The poetry of dementia (1)

My Danish stepdad is (gently) forgetting his English as his dementia progresses and  last night he, quite fabulously, referred to fish fingers as 'fish pins'.  Lamp posts are now 'light poles' and lifeguards are 'sea rangers'. My mum has been ill and  as we waited for her having out-patient tests yesterday, he said: 'She is no ordinary, everyday human being of any kind, she is my wife.' Tautological, but wonderful (and heartbreaking). Later, my mum and I were chatting about how she is never  ill - the only times she recalls are malaria when she took us to Pakistan in seventies; having to have a salmon bone removed by general anaesthetic during a trip to Finland in nineties, and, more recently, a slipped disc. My stepdad turned to us and said: What's that about Ed Miliband? 

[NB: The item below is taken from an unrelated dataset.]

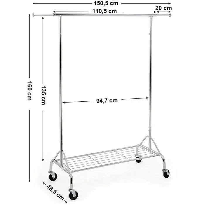 sonstiges: verchromtes Gestell, Kleiderstange bis 50 kg und Ablage bis 25 kg belastbar, Kleiderstange beiderseits ausziehbar

'Salmon bone in Finland' heard as Ed Miliband: the poetry of dementia.

Saturday 5 May 2012

Tagore & Virginia

One of my friends is big on Tagore and when I told him I'm into birds now he mentioned the tiny poems Stray Birds. I dipped in - really dipped in, just read fragments - but found it all a bit sentimental - almost like 326 spiritual greetings cards, the kind you find in New Age shops - though these are translations, so maybe something is lost.

This one's a gem though, number 2:

'O troupe of little vagrants of the world, leave your footprints in my words.'

And I love this, from Virginia's essay 'On Being Ill':

'Comatose with headaches. Can't write (with a whole novel in my head too - it's damnable).'

That's from the introduction by Hermione Lee, I haven't read the essay yet.